(Data records)
-- Opening Marker --
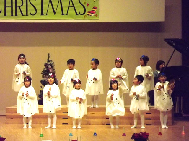 かわいらしいもも組・さくらんぼ組のお遊戯、ハンドベルの音色が響いたちゅうりっぷ組の合奏で、
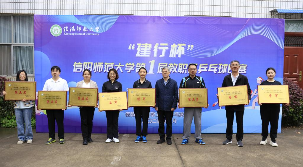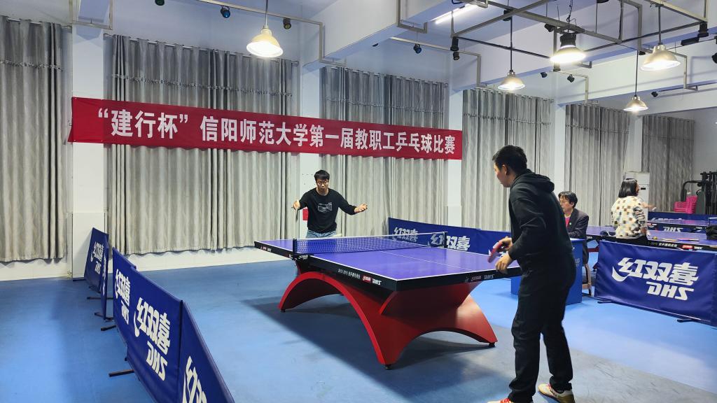 4月9日至16日,由校工会主办,教职工兵乒球协会承办,图书馆、国际教育学院、外国语学院协办的信阳师范大学首届“建行杯”教职工乒乓球比赛成功举行。校党委副书记、工会主席岳宗德,建设银行信阳分行副行长石卫东出席开幕式,校工会、体育学院、乒乓球协会负责人以及来自26支分工会代表队的200余名乒乓球爱好者参加了开幕式。
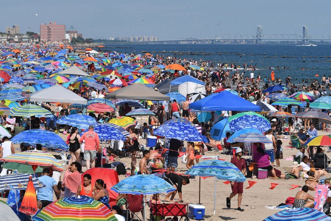 Bãi biển ở New York chật kín người trong dịp Quốc khánh Mỹ (Ảnh: New York Post).
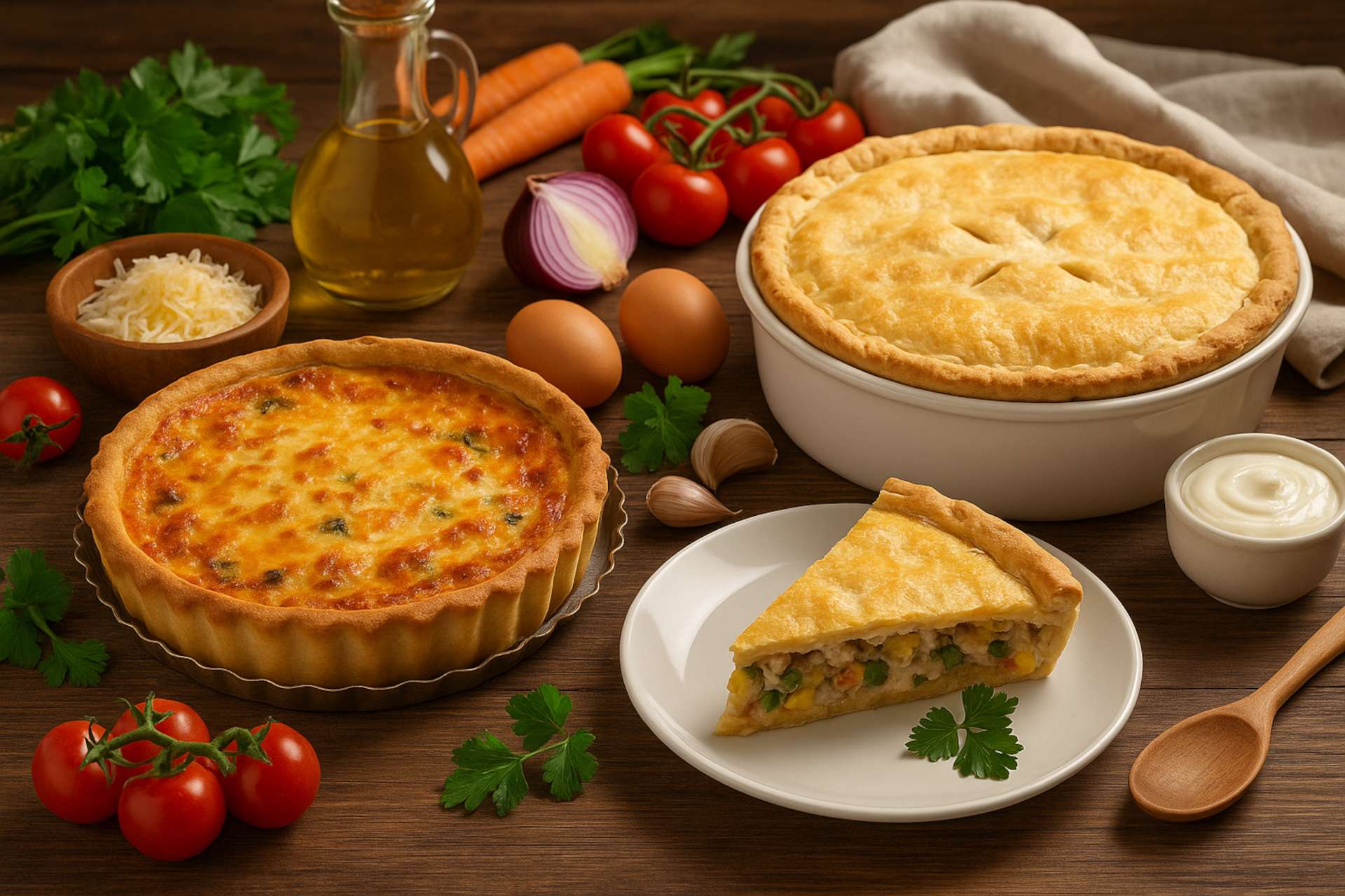 O empadão e a torta salgada compartilham o mesmo princípio: recheios envoltos por uma crosta de massa. A principal diferença entre os dois está na textura da massa. O empadão costuma ter uma crosta mais espessa, firme e amanteigada, ideal para sustentar recheios mais úmidos e robustos, como frango cremoso, carne moída ou camarão. Já a torta salgada tem uma base mais fina e delicada, podendo ou não ser coberta, e se adapta bem a recheios variados, com queijos, vegetais, embutidos ou cogumelos.
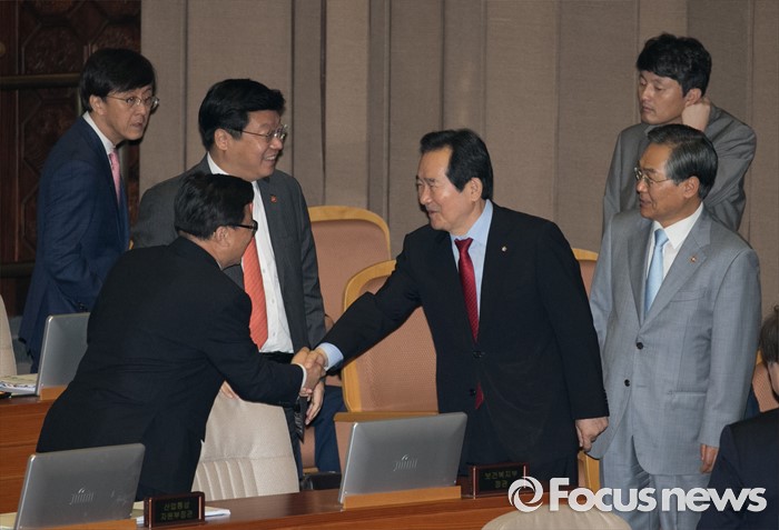 (서울=포커스뉴스) 4일 오전 서울 여의도 국회에서 열린 343회 국회(임시회) 6차 본회의, 경제에 관한 대정부 질문에 참석한 정세균 국회의장이 국무위원들과 인사하고 있다.
-- Closing Marker --
**Directions for this task**
Copy out nothing but the lines from the beginning of the records through the one that contains "Bãi biển ở New". Skip the pictures.

**Written reply**
 かわいらしいもも組・さくらんぼ組のお遊戯、ハンドベルの音色が響いたちゅうりっぷ組の合奏で、
 4月9日至16日,由校工会主办,教职工兵乒球协会承办,图书馆、国际教育学院、外国语学院协办的信阳师范大学首届“建行杯”教职工乒乓球比赛成功举行。校党委副书记、工会主席岳宗德,建设银行信阳分行副行长石卫东出席开幕式,校工会、体育学院、乒乓球协会负责人以及来自26支分工会代表队的200余名乒乓球爱好者参加了开幕式。
 Bãi biển ở New York chật kín người trong dịp Quốc khánh Mỹ (Ảnh: New York Post).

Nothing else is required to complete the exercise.